With a growing population of over 208 million people, Pakistan urgently needs new housing. Its housing shortage is estimated at around 10 million units and is expected to increase by 400,000 units per year. Growing urbanization, continued increases in the cost of land and building materials, and low levels of mortgage lending have also all contributed to the country’s housing deficit.

The study indicates that housing finance has the potential to grow in Pakistan and that with the right products, systems and finance, mortgage finance can be scaled up to 26 cities, with the potential to reach around 500,000 additional customers. in different income segments.

An additional $3.8 billion in loan volume can be created in the mortgage finance market by existing and new housing finance players, to serve around 500,000 customers, according to one study.
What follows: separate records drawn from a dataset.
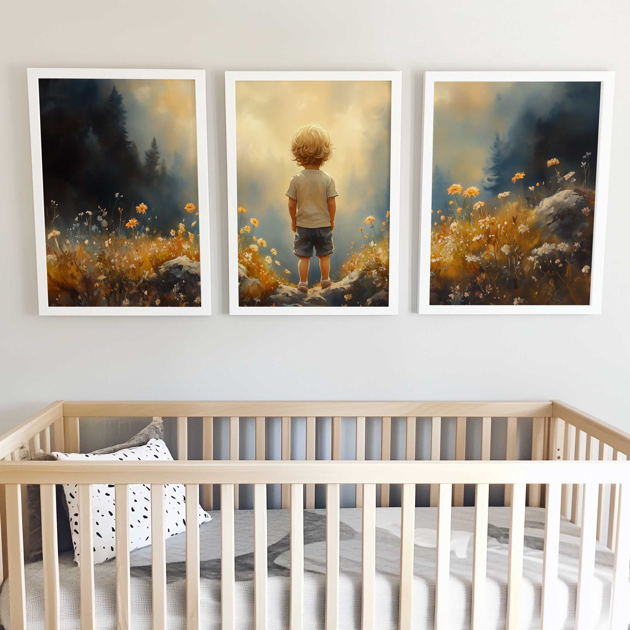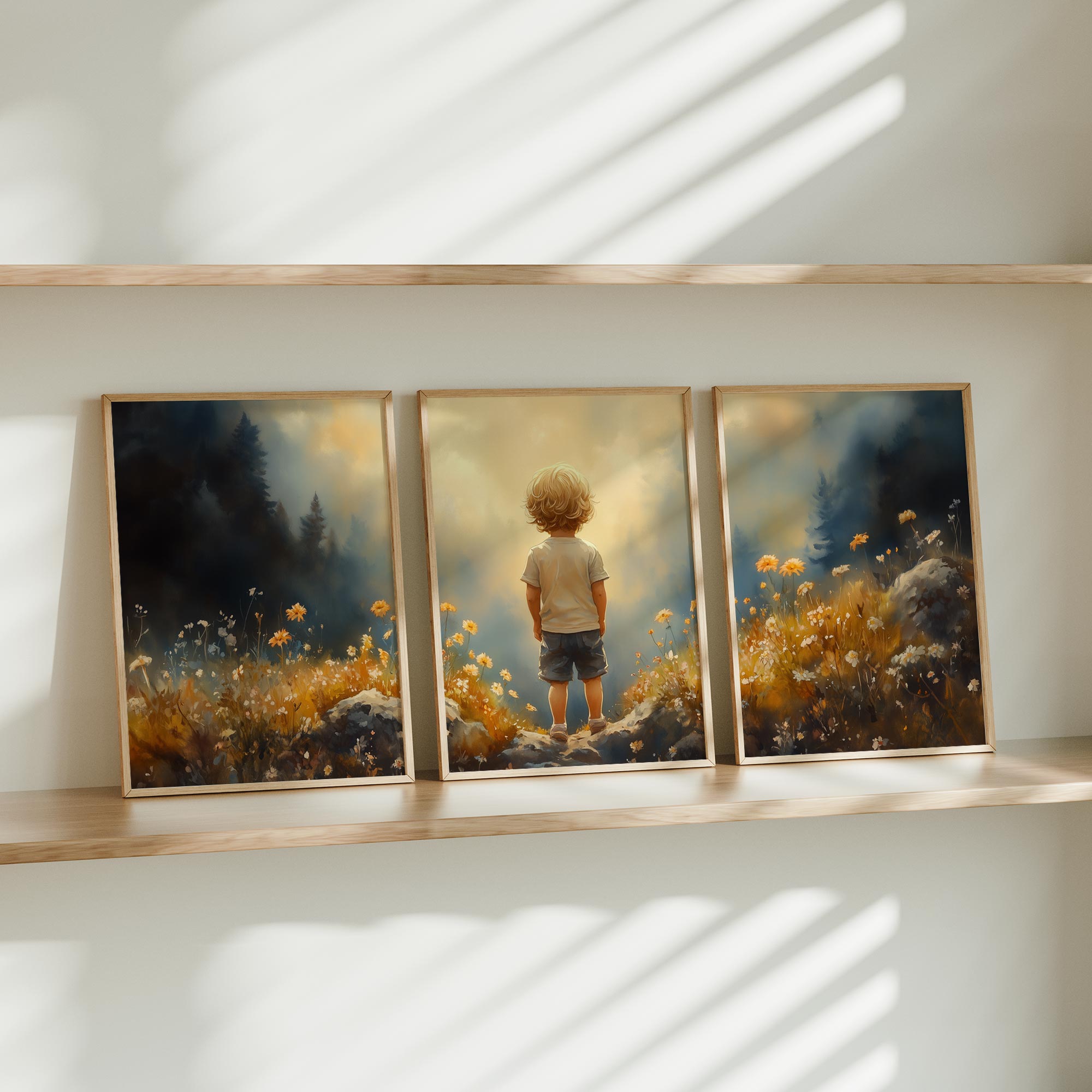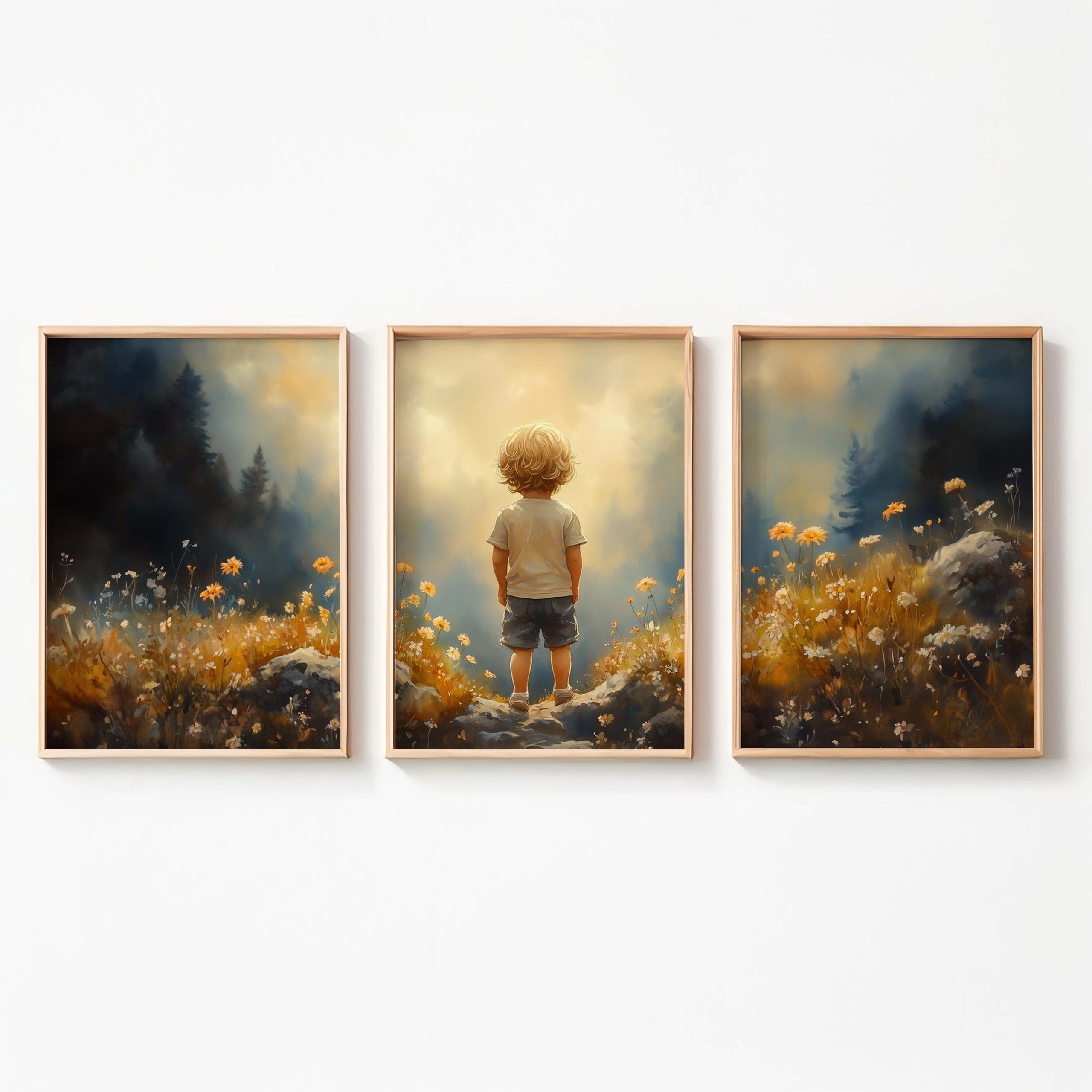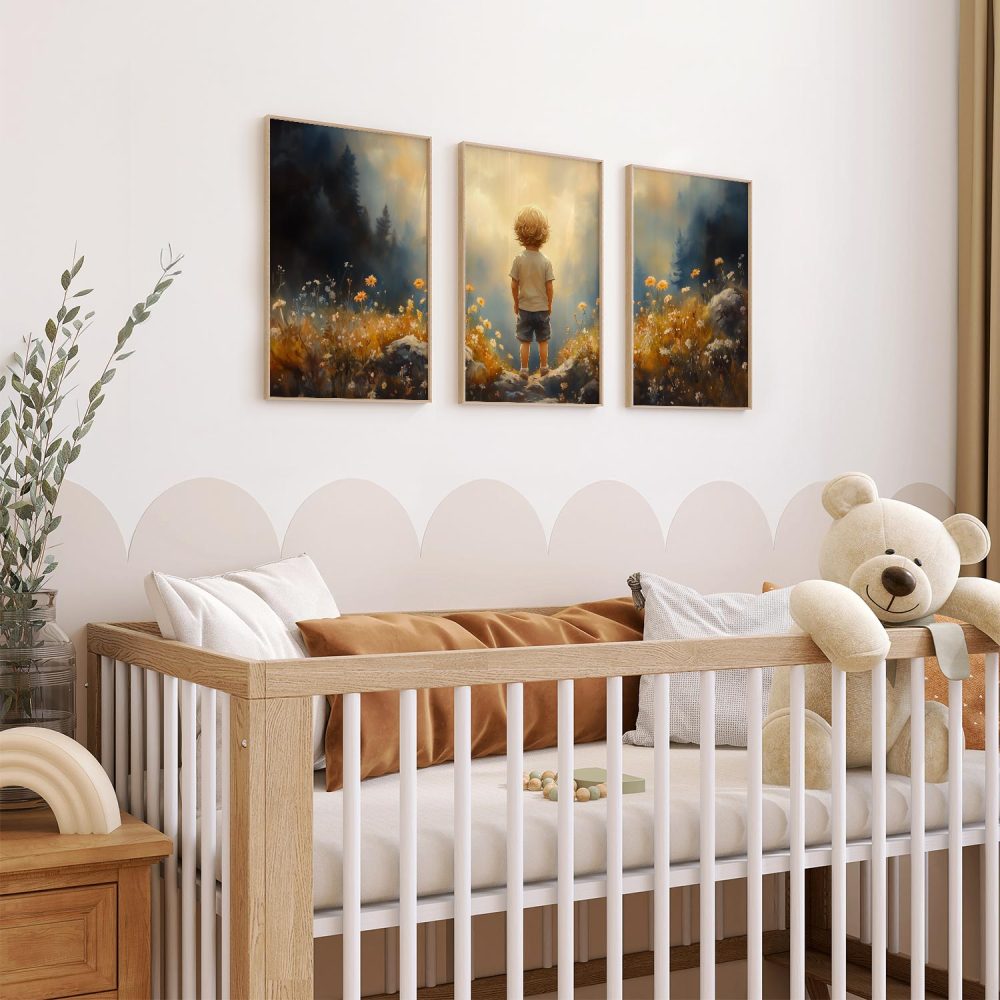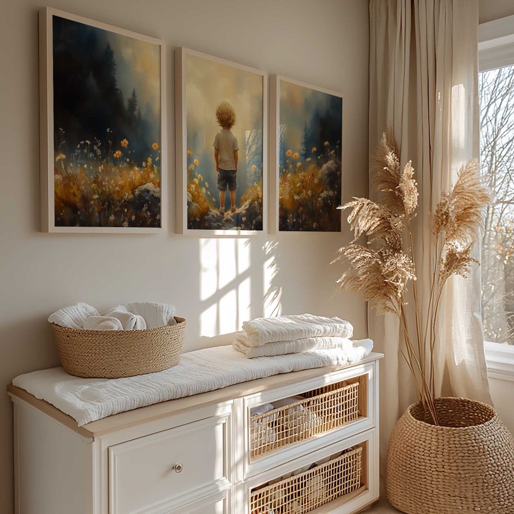 Terug naar collectie / Kinderkamer posters / Bloemen posters / Dromerige Jongen in Bloeiend Bloemenveld
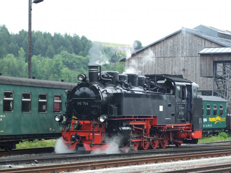 Lok 99-794 der Fichtelbergbahn hat nach Kohle bunkern und Wasser fassen sich auf den Weg gemacht, den Wagenpark auf der anderen Seite des Bahnhofes anzukuppeln. Im Hintergrund stehen ein paar abgestellte Wagen und ebenso zu sehen ist ein Teil des Lokschuppens.
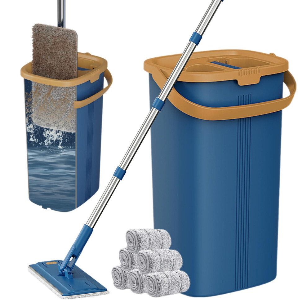 Masthome Mop and Buckets Sets, Flat Mop and Bucket Set, Microfibre Squeeze Mops for Cleaning Floors with 6pc Reusable Pads for Wet & Dry Use, Floor
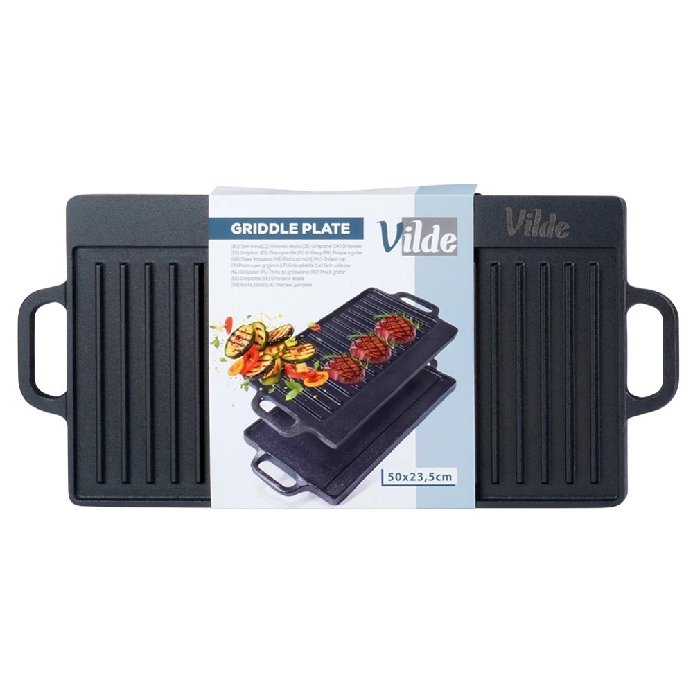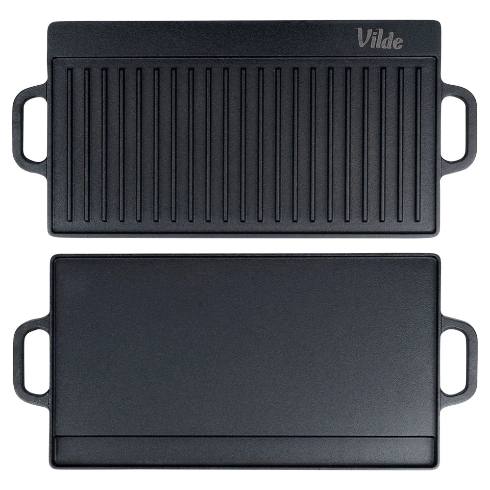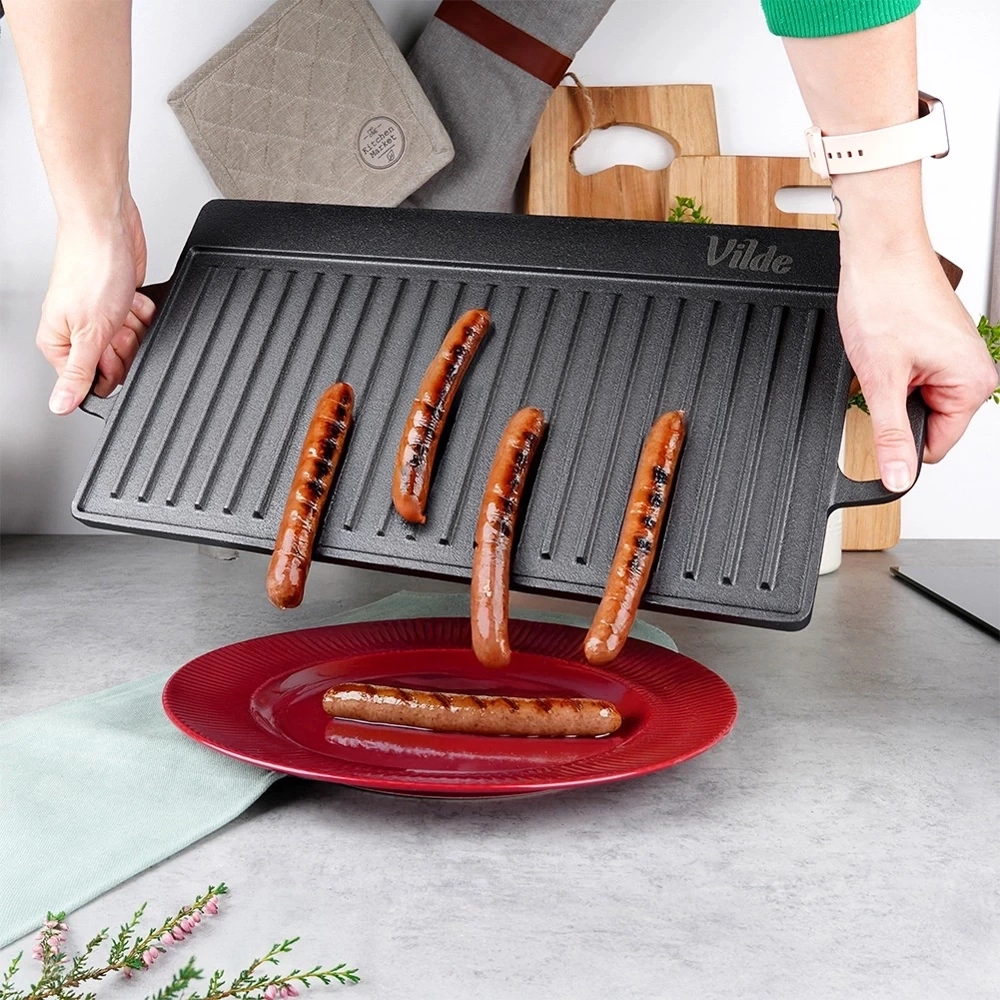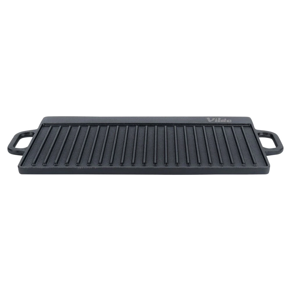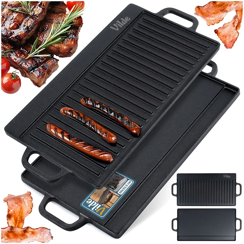 Dwustronna płyta żeliwna do grillowania mięs, ryb, warzyw. Posiada dwie powierzchnie grillowe przydatne do różnego rodzaju potraw. Płyta jest wytrzymała i odporna. Żeliwo z którego została wykonana jest wysokiej jakości gwarantuje długotrwałą wydajność i odporność na codzienne użytkowanie. Oryginalny produkt marki Vilde. Wyprodukowano zgodnie z europejskimi standardami.
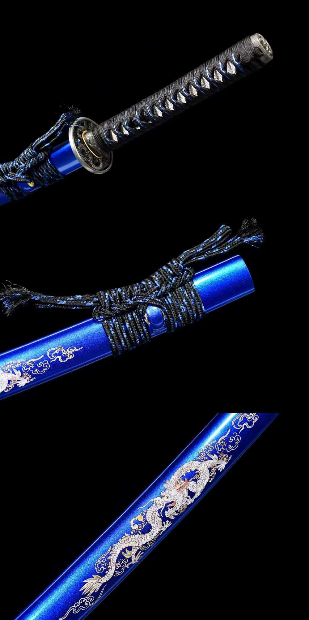 Vỏ kiếm: Gỗ sơn mài cao cấp, trang trí song long, đi kèm sageo Nhật tinh xảo
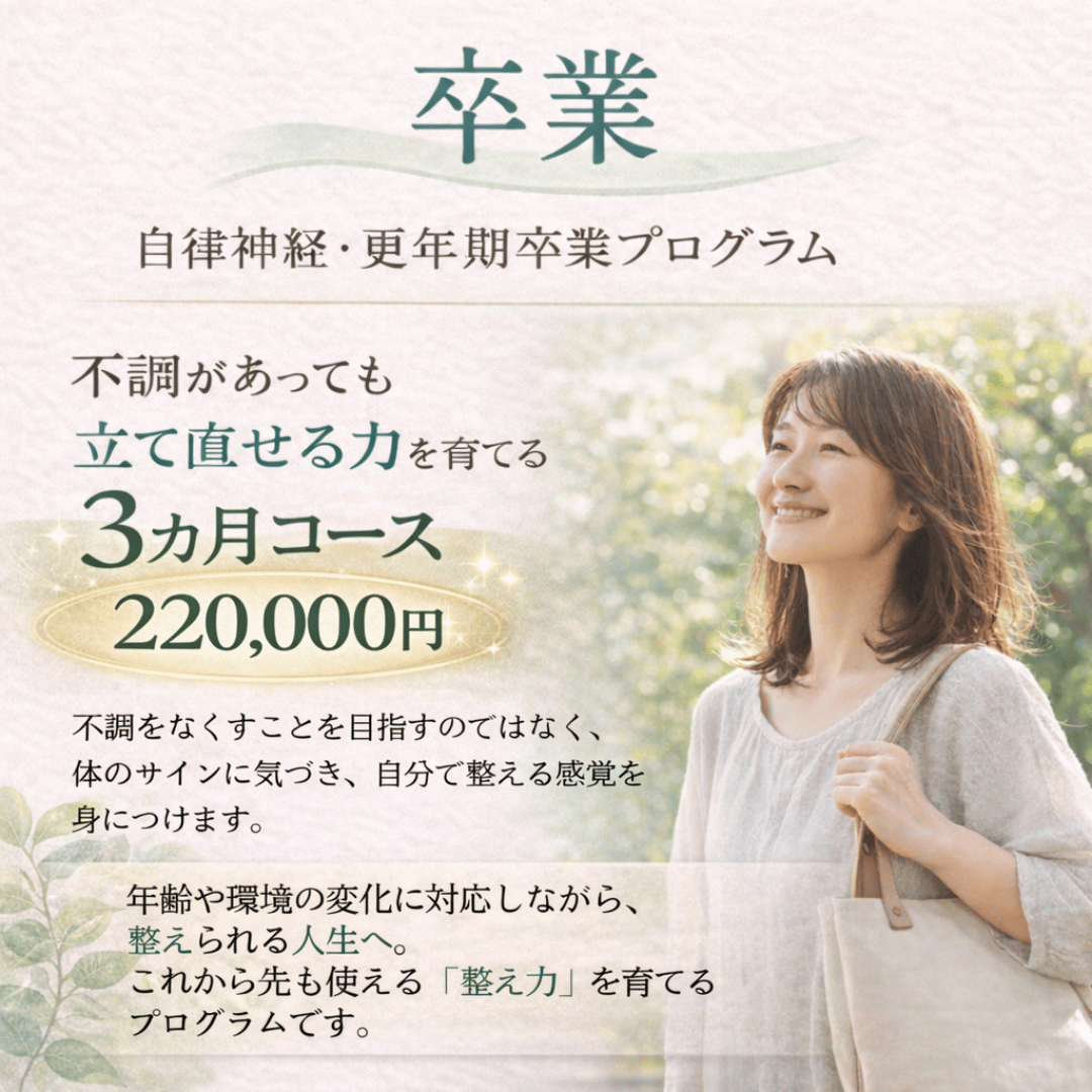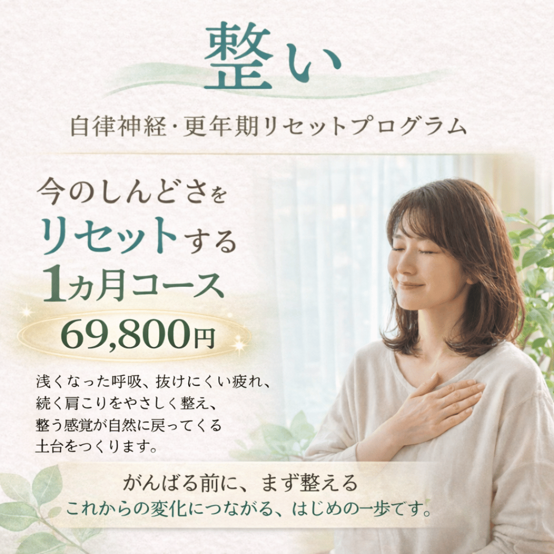自律神経や更年期を整えながら通過していくための「整え力」を育てる場所です。

The Government of Pakistan is currently providing a Housing Funding Booster Grant under which housing up to 250 square meters and flats or flats with covered areas of up to 2,000 square feet are funded. by the FIs for the new owners. The financing features subsidized pricing of up to 9pc per year for a maximum term of 10 years and a maximum loan size of $62,500.

The supplemental grant scheme is complemented by the provision of low-cost housing to low-income groups by Naya Pakistan Housing and Development Authority (NAPHDA), where housing finance is available from financial institutions for a maximum amount of $16,875 for a unit of up to 125 square meters and apartment or apartment with a covered area of ​​up to 850 square feet.